Her: I feel silly. $21 on lottery tickets; I’ve paid the stupid tax. Oh, make that $23 with the one I purchased at work. I should have donated that money to someone in need.
Him: But if we win that’s not much money spent. Oh, and I bought some tickets too.
Her: What? How much did you spend? Oh man, we wasted more than $23!
Him: I was going to surprise you.
Her: That’s funny that we were both going to do that, because I was going to surprise you too. “Surprise! I won the lottery and you don’t have to work anymore!
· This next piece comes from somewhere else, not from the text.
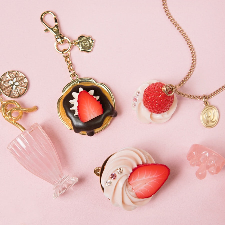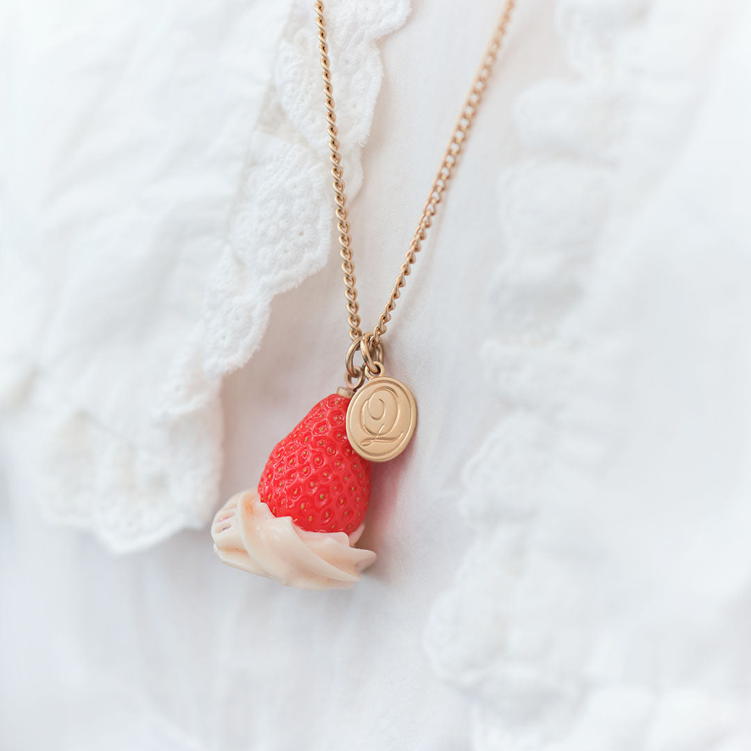 A necklace featuring a dollop of fluffy strawberry whipped cream topped with a whole, juicy strawberry. With its incredibly realistic and mouthwatering texture, this piece resembles an actual dessert. Every tiny seed on the strawberry has been meticulously crafted, showcasing exquisite attention to detail. Add a sweet touch to your outfit, just like decorating a cake! Made in Japan and carefully finished by craftsmen.

I love you!” Wait, you haven’t answered. How much did you spend?
Him: I bought 25 tickets.
Her: FIFTY DOLLARS WORTH?
Him: 25 tickets. I was going to surprise you when we won.
Her: Okay, no matter how you slice it, Mister, that’s $50 down the drain. Wow. I thought we were wild for spending $23 on tickets, and now I find out we’ve thrown away $73! Oh man.
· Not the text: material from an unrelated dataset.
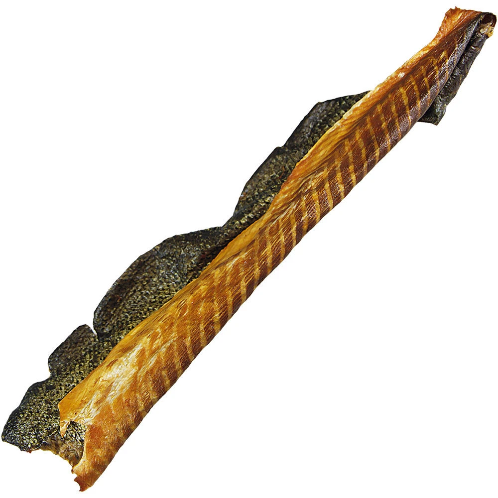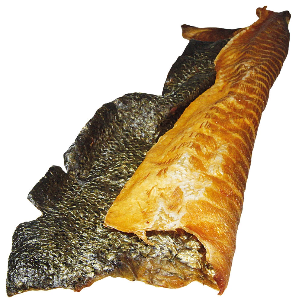 Grote, met de schaar naar wens op maat te knippen stukken huid van gerookte zalm, met vleesaanzet. Met een heerlijke geur en bevochtigd met natuurlijke zalmolie. Per verpakking 1 huidkant van de zalm, afhankelijk van de hoeveelheid vlees ca. 180-220 g zwaar, tot 60 cm lang.

Him: Don’t worry; I’ll share my winnings with you.
Her: I just need time to process this.
Him: You’re just upset because these aren’t tangible purchases. But think about it, we spend money on dinners when we eat out, and there’s no tangible output there besides poop.
Her: (laughing) You stinker.
Him: Depends on the outcome of tonight’s meal, I suppose.